Au contraire, le discours doit plutôt démontrer et convaincre les Français, quelles que soient leurs convictions spirituelles, que la République est la garante de la sécurité et de la liberté de conscience des musulmans. En insistant sur cette liberté de conscience, le discours évite l’écueil de la connotation restrictive qui s’attache désormais à la laïcité, en France comme à l’étranger3. Plus encore, elle doit

permettre au nombre croissant de musulmans qui choisissent de s’éloigner de l’islam par dépit4, de se

rassurer sur le fait que la République leur garantie une pratique modérée et pacifique.

Outre la lecture ouverte de la laïcité qu’un tel discours suppose, il implique de reconnaitre la protection des musulmans auquel l’Etat se doit, comme un enjeu national.

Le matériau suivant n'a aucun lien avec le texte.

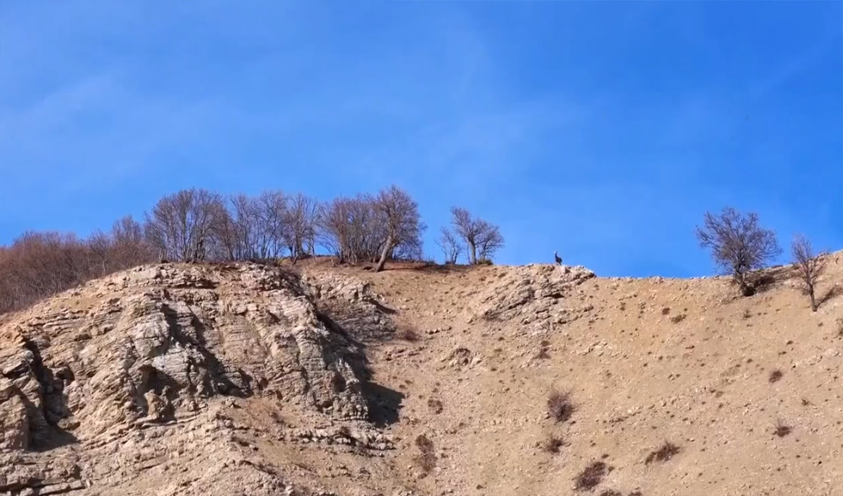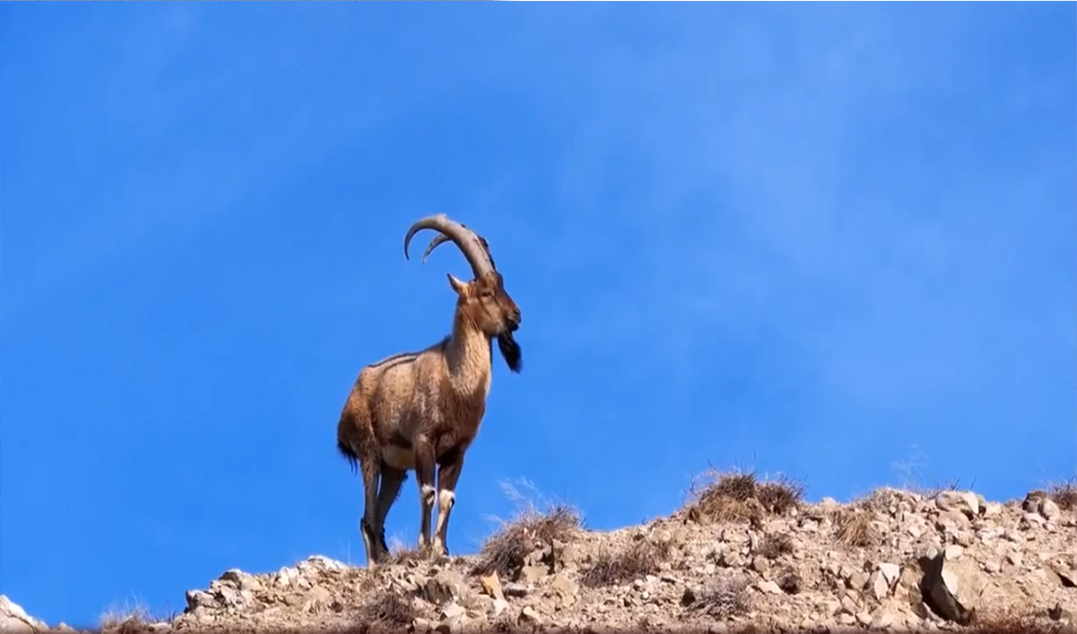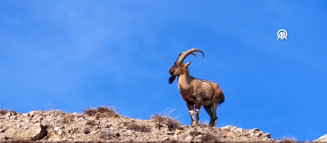 Bölgede bir teke yaban keçisi dağda tek başına gezerken kameralara yansıdı.

Il s’agit donc de les considérer en tant que citoyens avant de les envisager en tant que musulmans. De ce point de vue, la cité-Etat pluriculturelle de Singapour nous offre un exemple intéressant. « Dès la mise en place de ses programmes de

“déradicalisation“ et de lutte contre la radicalisation islamiste, le gouvernement singapourien a présenté l’extrémisme violent comme un problème national, et non comme une menace émanant d’une communauté spécifique. […] Ainsi, un lien de confiance s’est plus facilement tissé entre le gouvernement et la minorité musulmane du pays, qui s’est mobilisée au même titre que les autres communautés sans pour autant se sentir ciblée ou perçue comme étant la source de l’extrémisme islamiste »5.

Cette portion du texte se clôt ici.